» YOUR INSTRUCTIONS
What is needed is the full listing written out exactly, minus the pictures.

START DATA EXTRACT

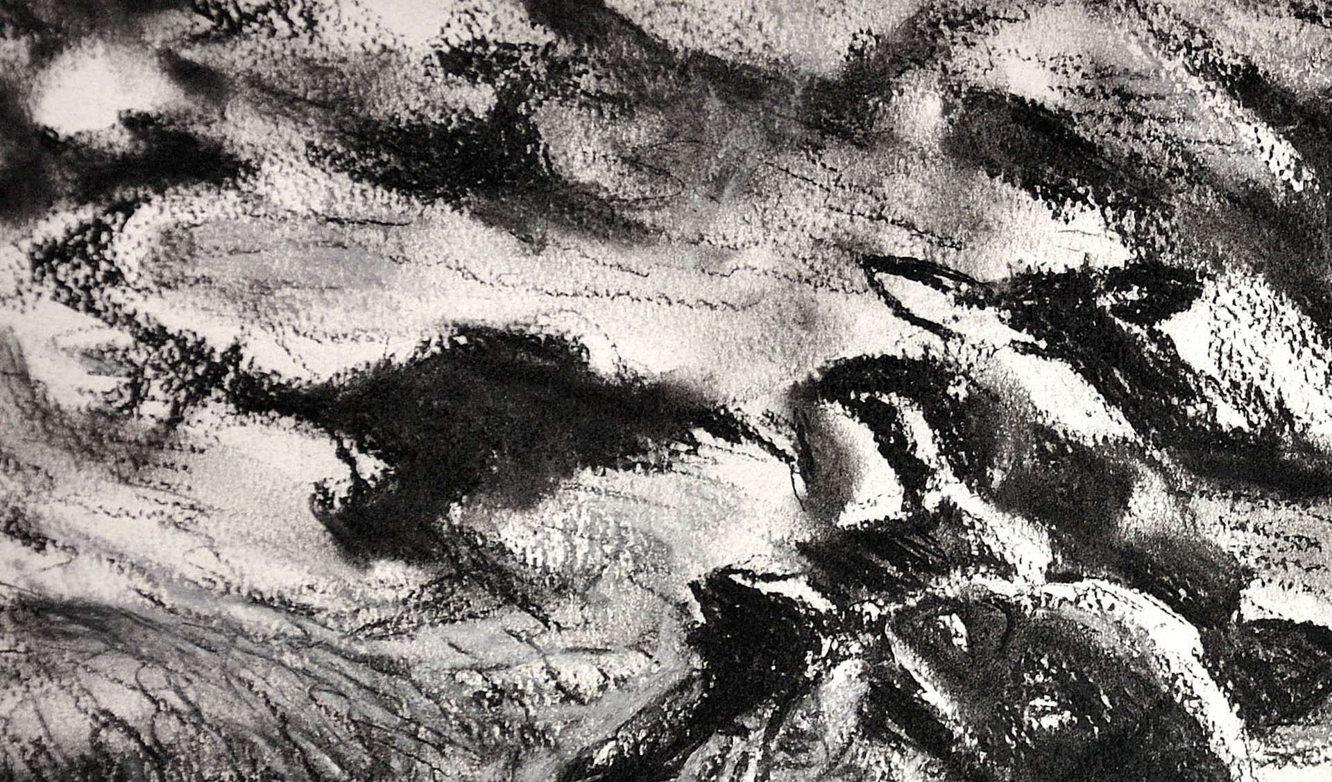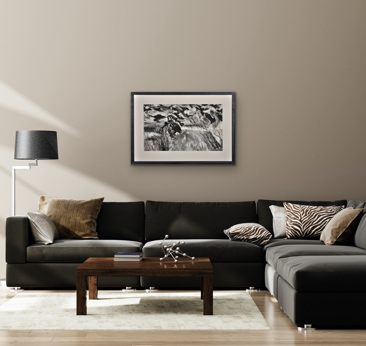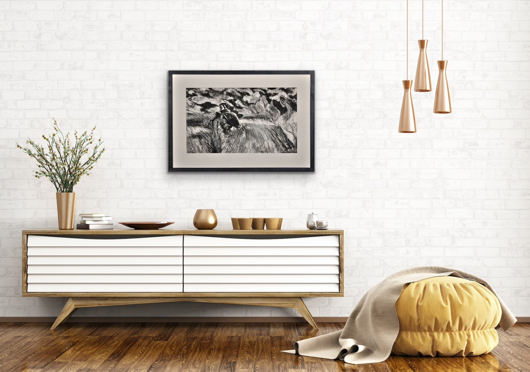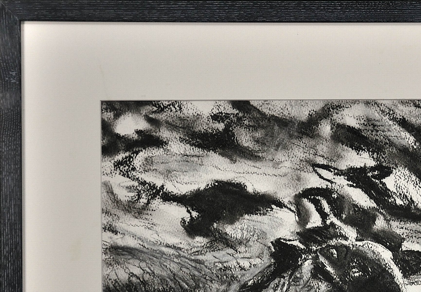 This original charcoal and pastel on paper artwork depicts a flock of sheep. They are portrayed not as individual animals but as a communal entity, almost moving and breathing as one. There is a wonderful texture about the piece, and the bodies of the sheep almost merge into the hills beyond. The application of pastel is highly effective and skilled.
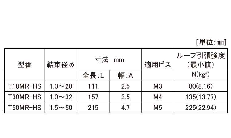 ●MSタイのスタンダードタイをベースに、ビス止め用固定穴を設けた一体成形のタイです。
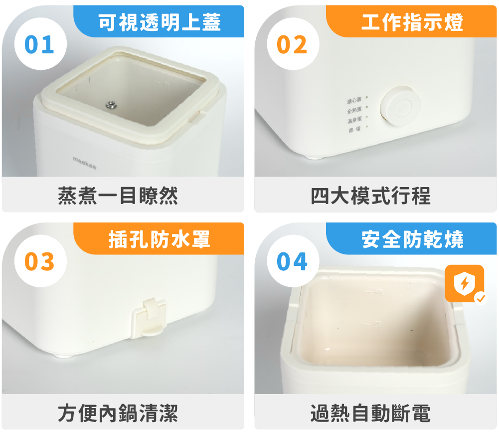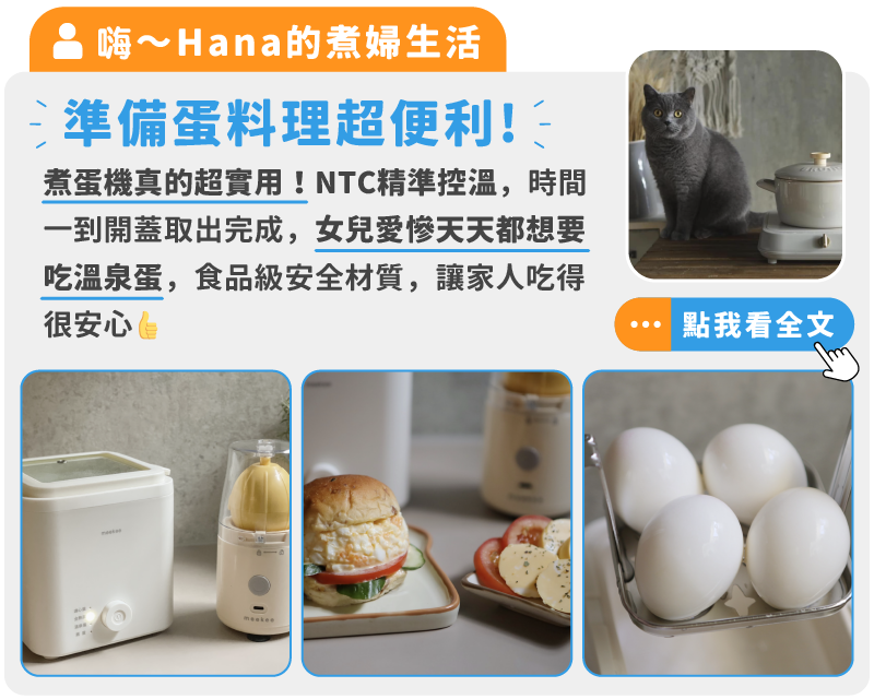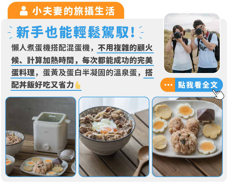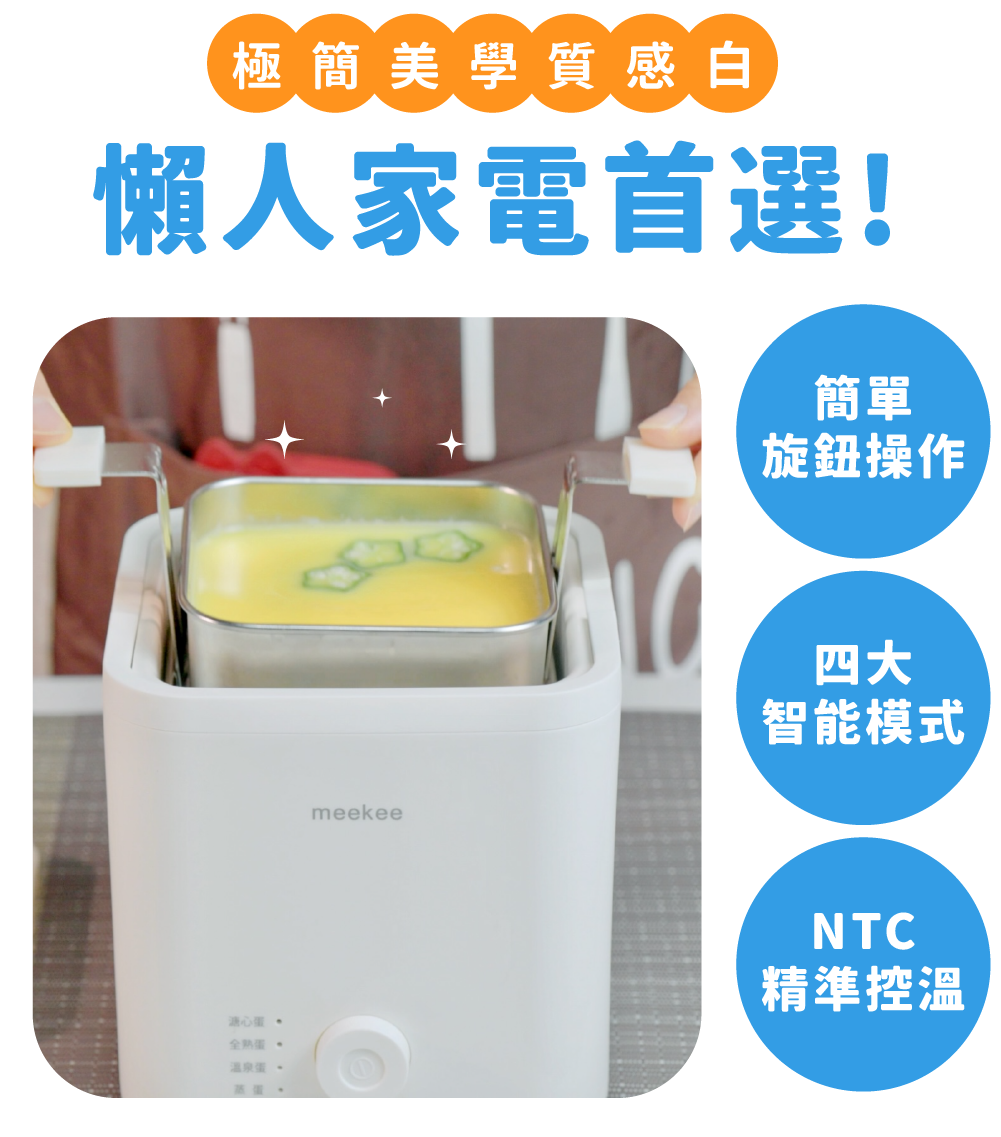 最適合懶人的美型煮蛋機,一機擁有全熟蛋、溫泉蛋、溏心蛋、蒸蛋四大料理行程,多樣化料理輕鬆做。
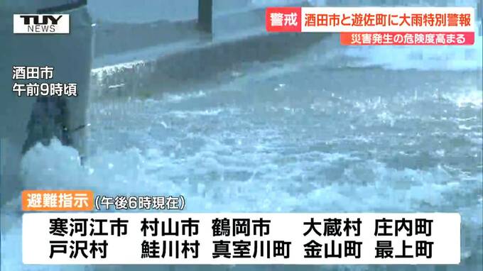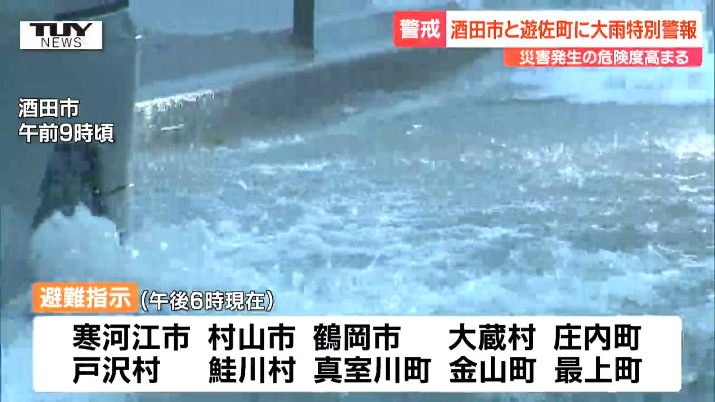 (午後6時現在)10つの市町村で避難指示が出され、このうち酒田市では小中学校やコミュニティセンターなどでのべ205人が避難しています。

END DATA EXTRACT

» SOLVED PROBLEM
 This original charcoal and pastel on paper artwork depicts a flock of sheep. They are portrayed not as individual animals but as a communal entity, almost moving and breathing as one. There is a wonderful texture about the piece, and the bodies of the sheep almost merge into the hills beyond. The application of pastel is highly effective and skilled.
 ●MSタイのスタンダードタイをベースに、ビス止め用固定穴を設けた一体成形のタイです。
 最適合懶人的美型煮蛋機,一機擁有全熟蛋、溫泉蛋、溏心蛋、蒸蛋四大料理行程,多樣化料理輕鬆做。
 (午後6時現在)10つの市町村で避難指示が出され、このうち酒田市では小中学校やコミュニティセンターなどでのべ205人が避難しています。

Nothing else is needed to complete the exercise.